SÖZÜMÜN ARKASINDAYIM

"Oyuncuların 'bizim takım yetersiz' dediği yerde, ben geleceğimi, kariyerimi bu işin içine koydum. Bu takım düşmeyecek, düşerse lisansımı yırtarım, antrenörlük yapmam dedim. Sırf bu oyuncuları diri tutayım, onları inandırayım diye dedim. Bu sözü söyledim. Bu saatten sonra Samsunspor düşmüş, hocalık yapsam yapmasam, aç gezsem, tok gezsem önemli değil. Gereği neyse yaparım, bu bedelleri ödemeye hazırım. Ben terbiyeli, ailesi olan, ahlaklı biriyim. Sosyal medyadan 'defol git' diyorlar, ben nereye gideceğim. Samsun'da doğdum, burada öleceğim. Aileme küfürler ediyorlar. Bu çok ayıp. Burada onlarca kaçan giden varken ben taşın altına elimi koydum. Ben burada çalışırken, kayyum heyeti hoca aradı, bunu herkes biliyordu. Ben yine de dert etmedim çalıştım mücadele ettim. Yanlış, yanlış, yanlış, yanlış doğru çıkmıyor. Oyuncular bile en az suçlu sensin diyor. Kimseyi suçlamak istemiyorum, bütün bedeli ödemeye hazırım ama tek suçlu da ben değilim."

HEP 'SAKATIM' DEDİLER

"Angan, Muhammet Beşir her zaman sakatım dediler. Angan'ın ayağının ağrısı bir türlü bitmedi. Muhammet'e bir tarafımızdan tut dedim sakatım diyor, ayağım ağrıyor diyor.

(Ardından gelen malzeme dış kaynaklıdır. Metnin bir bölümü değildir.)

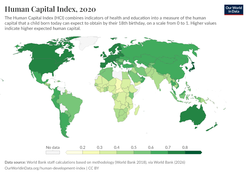 “Data Page: Human Capital Index”. Our World in Data (2026). Data adapted from World Bank staff calculations based on methodology (World Bank 2018), via World Bank. Retrieved from https://who-regions.owid.pages.dev:8789/20260304-094028/grapher/human-capital-index-in-2018.html [online resource] (archived on March 4, 2026).How to cite this data
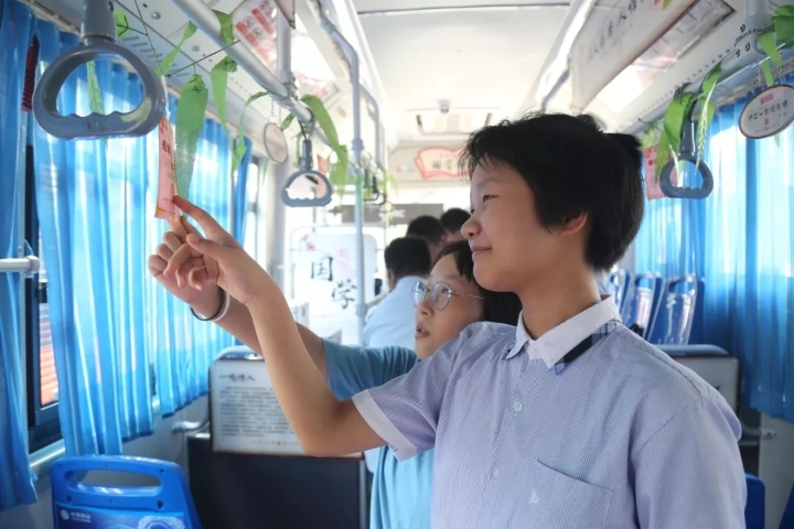 圖為47路國學(xué)車廂開展教師節(jié)活動(dòng)
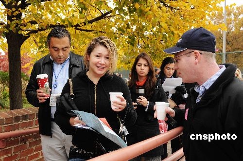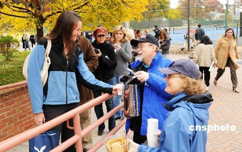 在臨近華盛頓的弗吉尼亞阿靈頓郡中心圖書館投票站,很多選民因為起得早,沒有吃早飯,此時來了兩位送餅干和熱咖啡的?墒,這兩位開口就問:你是奧巴馬的投票者么?一位女士說“Yes!”,于是馬上咖啡餅干免費奉上。中新社發(fā) 邱江波 攝
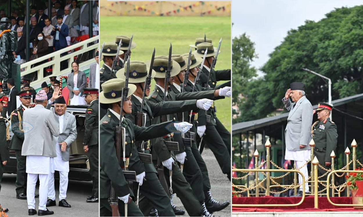 समारोहमा नेपाली सेनाको टोलीले शान्तिको प्रतिक परेवा उडाएका छन् । सुरक्षा निकायका विभिन्न समूहहरूले मार्च पास गरेका छन् । सुरक्षा निकायहरूले ब्याण्ड प्रदर्शन समेत गरेका छन् ।
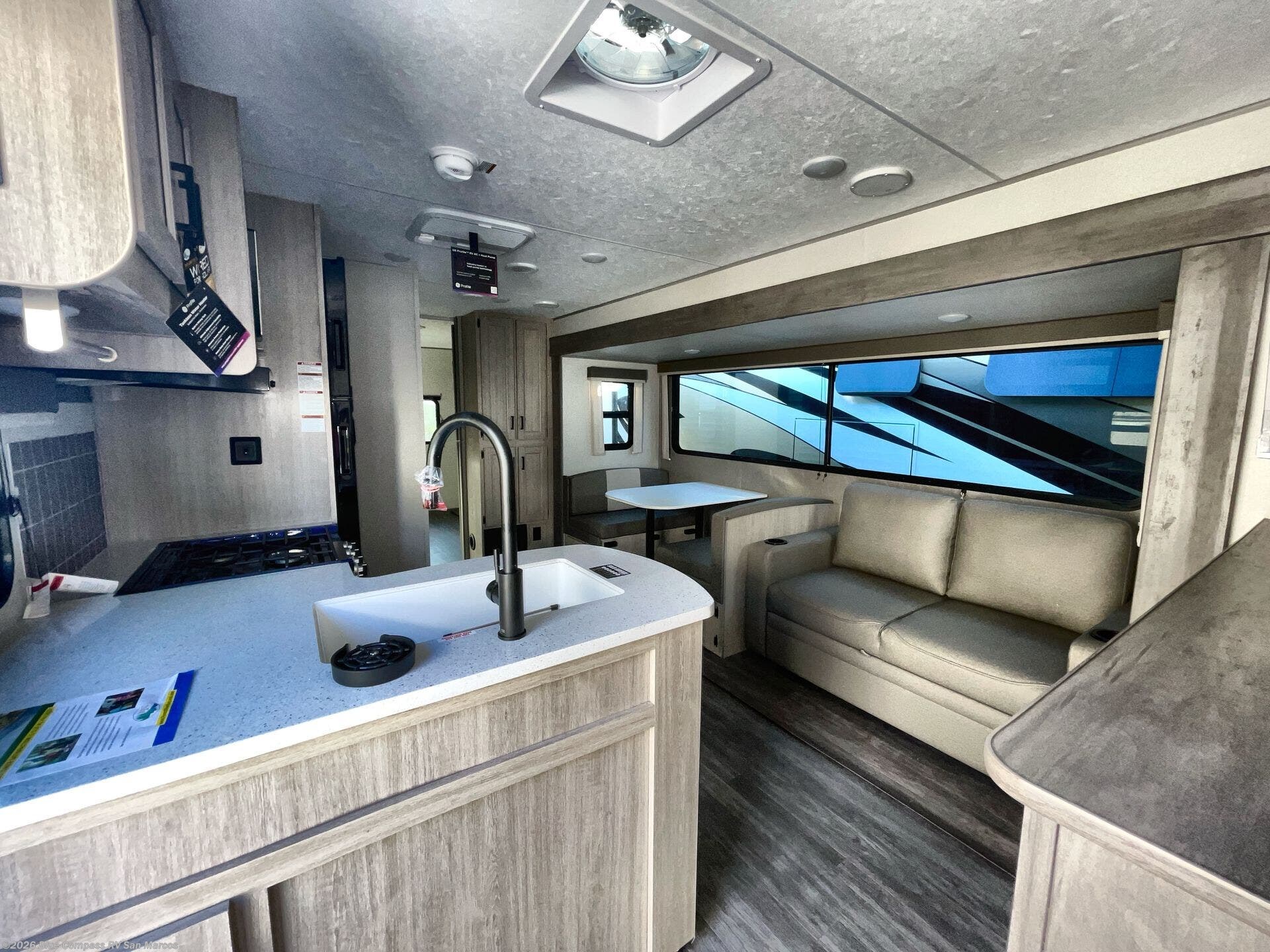 Comfortability, usability, and quality is what you will find in each one of these Forest River Aurora travel trailers, toy haulers or destination trailers! They are designed with a superior build and packed full with industry leading, functional, and distinctive standard features. SolidStep entrance steps and a Safe-T rail door assist on main entry door to help you safely enter and exit the unit. The diamond plate rock guard will protect your unit from road debris and the nitrogen filled radial tires, which keep their pressure longer, offer better fuel economy. You will also find upgraded JBL Elite exterior speakers outside, an electric awning with multicolor lights and remote, plus flush mount baggage doors for easy packing. The interiors are beautifully designed with a deep undermount farm style sink, stainless steel appliances, and linoleum flooring in the slide outs which will be easy to clean. Come find your favorite model today!
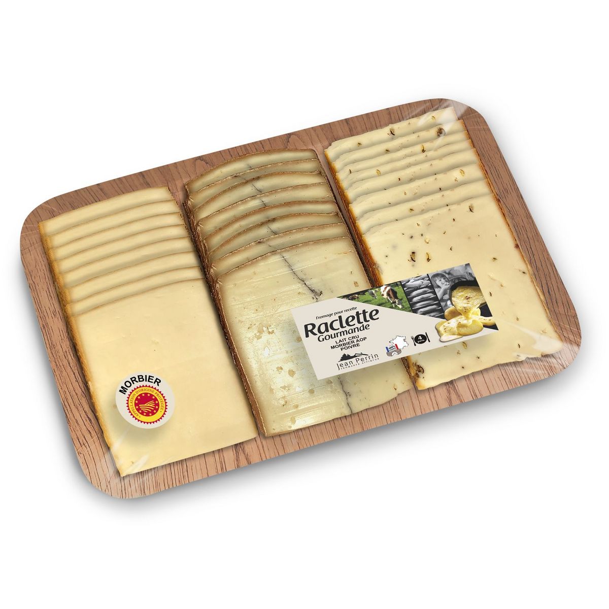 RACLETTE 720G LAIT CRU-MORBIER AOP-POIVRE X4 >4 A 5 PARTS< PLATEAU PREEMBALLE
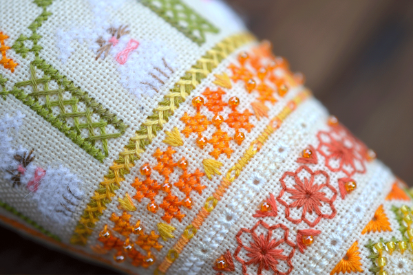 Окрім хрестика присутні віялові стібки, різноманітні вічка, козлик, настилування, штапівка, бекстіч для збірки, бісер.
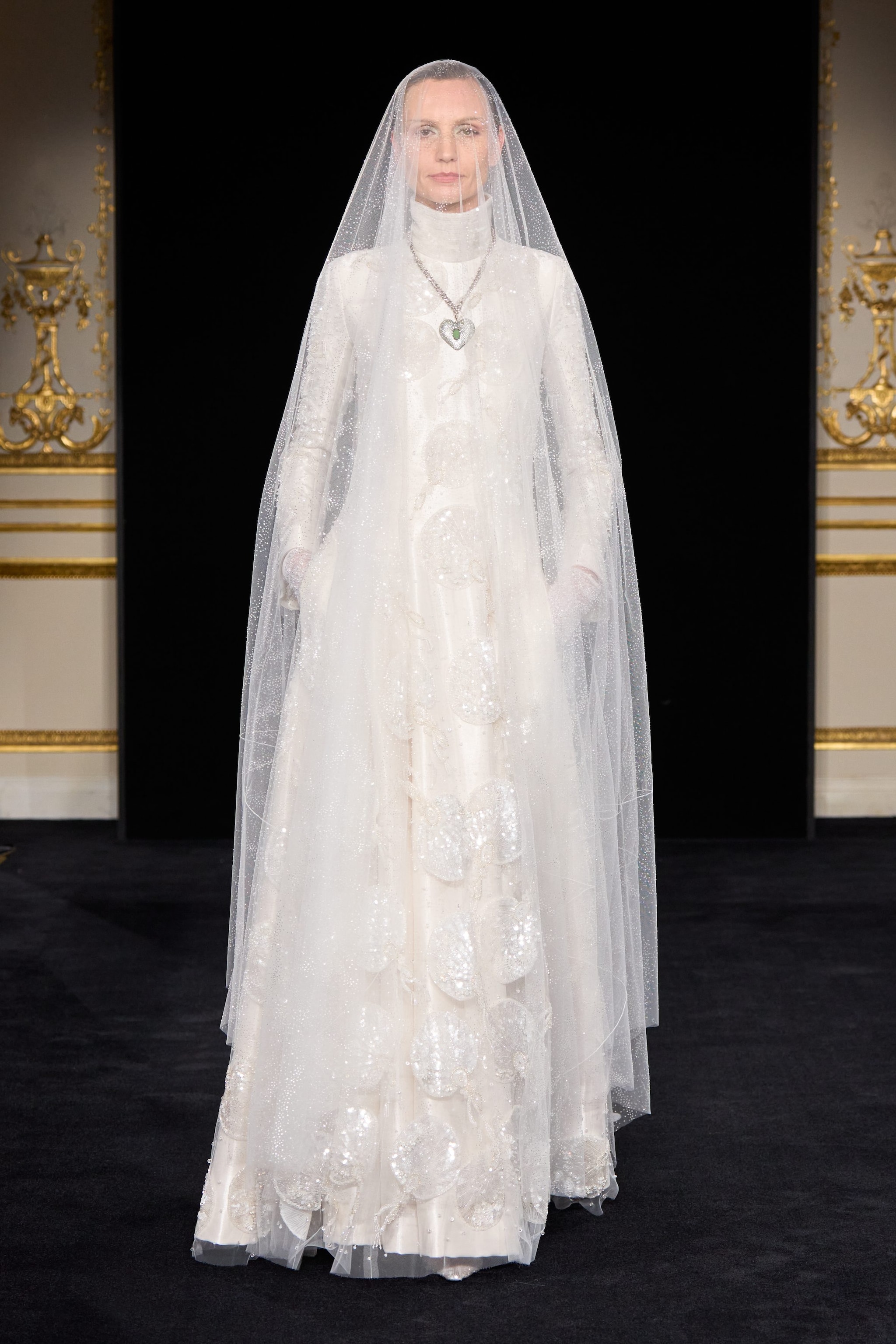 Colori pastello e tessuti cangianti, completi maschili resi più morbidi e lunghi abiti da sera con gonne che ricordano un tulipano sfilano alla Settimana dell'Alta Moda di Parigi nella collezione Primavera/Estate 2026 di Giorgio Armani Privè

Mecbur Ayite'yle oynadık. Her maç çift santraforla, 4 hücumcuyla çıktım. Beşir'in yanına Giresun maçında Ayite'yi alacam, Beşir ayağım ağrıyor diyor mecbur çıkarıyorum. Solakel sakat, Cebe sakat, Samed sakat, iğneyle oynayanlar var. Onlar da bitti en sonunda. Oyuncular idmandan çok MR'a gittiler. En değerli maçta Berat'ı oynatmak zorunda kaldım. Ben herkesi oynattım, her şeyi denedim. Ama oynayanları da, savaşanları da gördünüz. 6-7'si anca savaştı. İki oyuncudan bir santrafor çıkarmaya çalışıyorsun, o bile olmuyor. Yabancıların 5 milyona yakın alacağı var, ne verdi bunlar takıma. Hadi oğlum, hadi oğlum, sizi seviyorum sahiplenin dedik dedik olmadı, adım bile atmadılar. Koskoca Samsunspor Enes'e kaldı. Ondan medet umduk."

GÖREVİ BEN İSTEMEDİM

"Benim ne dememi istiyorlar, ben bu memleketin insanıyım. Ben antrenörlüğü de bırakabilirim. Herkesin kaçtığı yerde ben bu formanın önünde dik durmaya çalıştım. Tesislerden hem pozitif içeri girdim. İnsanlar ne derse desin sırtındaki yaşadıklarıyla gider. Beni bu günlere Samsunspor getirdi ama artık bu üzüntüyle de yaşamak zorundayım. Bunu bu camia da, ben de, sizlerde hak etmediniz. Altyapıda ben cebimden para harcıyordum hizmet ediyordum ama mutluydum. Karşınızda ağlamak istemiyorum. 'Bırakın düşsün' diyenlere inat ben göreve geldim. Ben ne güzel altyapıda çalışıyordum, mutluydum. Bir beklentim yoktu, Benim Samsunspor'dan alacağım var, cebimden para verdim, su faturanı ödedim, otel parası ödedim, deplasmana takım gönderdim. Onlara rağmen mutluydum. Ben 'A Takımı ben çalıştırayım' demedim ki, gel dediler geldim, git dediler gittim, buna rağmen ben görevdeyken hoca aradılar."

KENDİMİ ORTAYA KOYDUM

"Alpay Özalan, Engin İpekoğlu oyuncularını rencide ederken ben hiçbir oyuncuma kötü bir şey söylemedim. Bu takımı ben kurmadım ama tüm sorumluluğu üzerime alıyorum. 4 sene önce ben bu takımı ligde bıraktım. O zamanlar da bana Furkan'ı, Ercan'ı oynatıyorum diye küfür ediyorlardı. Ben kendi toprağını seven, namusuyla yaşayan, Samsunlu olmaktan gurur duyan birisiyim. Benim gibi adama küfür ediyorlar. Utanılacak bir şey yapmadım, ben namuslu insanım. Allah böyle bir kaderi bize yazmış yaşayacağız, bunlar benim Samsunspor'u çok sevmemin bedeli. Ben kendi şahsiyetimi ortaya koydum. Samsunspor'un gövdesini kestiler, daha çok gençleşerek yeniden var olmalıyız. Bazen daha ileriye sıçramak için bir adım geriye gitmek gerekiyor. Belki bundan sonra liglere damga vuracağız. Son 10 yılımız boş geçti, belki de önümüzdeki 20 yıla damga vuracağız. İnşallah Samsunspor bundan sonra daha az dolandırılır."